You received this message because you are subscribed to the Google Groups 
aroma.affymetrix group with website http://www.aroma-project.org/.
To post to this group, send email to aroma-affymetrix@googlegroups.com
To unsubscribe and other options, go to http://www.aroma-project.org/forum/

--- 
You received this message because you are subscribed to the Google Groups 
aroma.affymetrix group.
To unsubscribe from this group and stop receiving emails from it, send an email 
to aroma-affymetrix+unsubscr...@googlegroups.com.
For more options, visit https://groups.google.com/d/optout.
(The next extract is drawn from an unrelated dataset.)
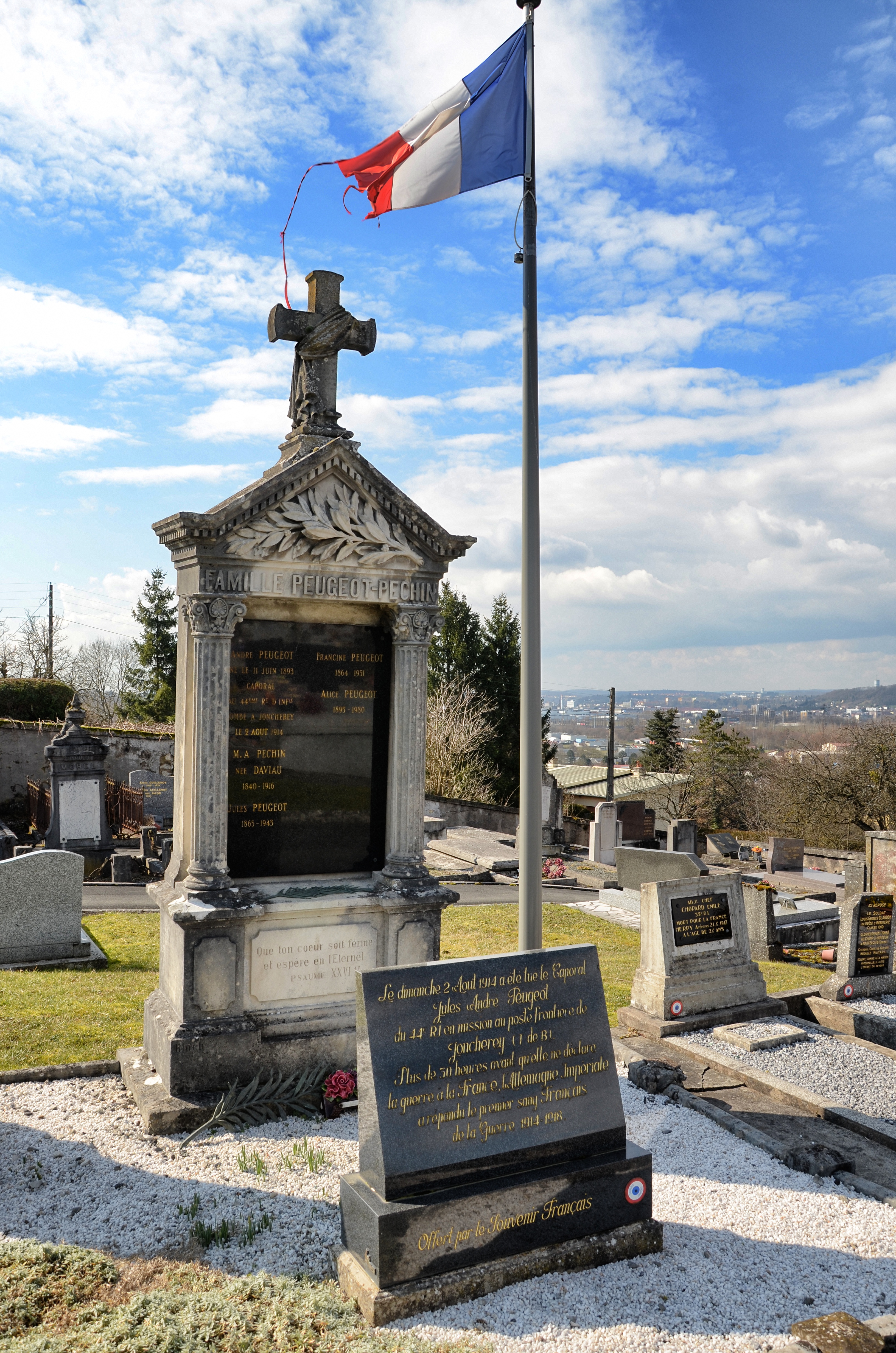 Peugeot is buried in the family grave (seen above) in Joncherey not far from where he was killed.
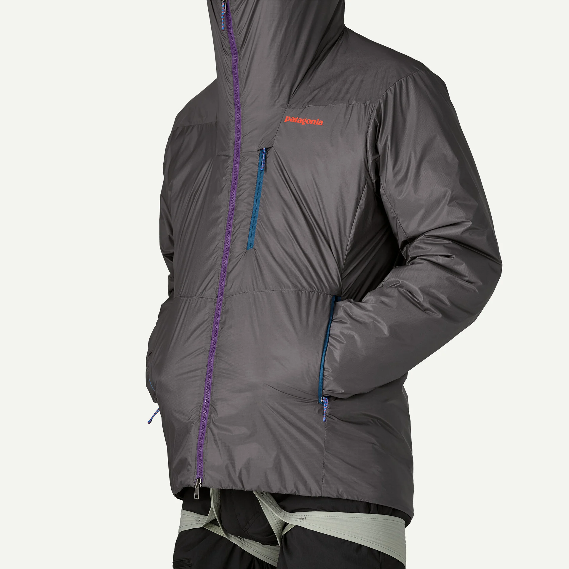Двупосочен, централен преден Vislon® цип, подкрепен с вътрешно капаче за вятър, позволява достъп до осигурителната примка

Re: [aroma.affymetrix] Re: Regarding the copy number states and further processing

2015-01-22 Thread Henrik Bengtsson
Hi guys,

here are some late feedback on this discussion:

* When talking about copy numbers, it is important to always be very
clear and distinguish between whether we talk about normal/germline
CNs or tumor CNs.  The former take integer CN levels (0, 1, 2, 3,
...), whereas for tumors we very rarely observe pure homogeneous tumor
cells, which is why we only measure and observe non-integer CN levels.
Hopefully, we observe at least discrete CN levels in tumors, but one
should never expect integer levels.

* aCGH: a historical term often used as a synonym for total copy
numbers.  For example, some say aCGH analysis when they really mean
total copy-number analysis.  aCGH stands for array-CGH, or in full
'array comparative genomic hybridization'.  This refers to the older
generation two-color/two-channel arrays where a test and a reference
sample where labelled with two different dyes and competitively
hybridized to the same array and the same probes.  I recommend to stop
using this term and instead use total copy number, total CN, or
TCN (when it's clear).   By being explicit about total, you're
also explicitly contrasting it to parent-specific CNs (which you can
do if you have SNP data).

* CNA: Copy-Number Aberration.  This term can be applied to both tumor
and germline samples.  In tumors you expect non-integer CN levels.  In
germline/normals you expect integer CN levels (0, 1, 2, 3, ...).

* CNP: Copy-Number Polymorphism.  This term applies to copy-number
differences in relationship to a population.  This also implies we're
talking about germline genomes.  In other words, CNPs are also integer
CN levels (0, 1, 2, 3, ...).  CNPs are used to specify, say, 2% of
the Europeans have a 1 copy deletion of length 1.0-1.5 Mb on Chr 3 at
124.5Mb.  CNPs is for segment deletions and gains what SNPs are for
nucleotide polymorphisms.  The term CNP is rare.  It is much more
common to hear/see CNV.

* CNV: Copy-Number Variation.  Ideally the word variation refers to
polymorphism and therefore the term CNV should be used only to refer
to CNPs.  I don't know if there is a formal definitions, but I find it
unfortunate to see CNV being used when CNA should be used.  By my
books, CNV only takes integer CN levels (0, 1, 2, 3, ...).  The term
CNV should never be used to refer to CN levels in tumors.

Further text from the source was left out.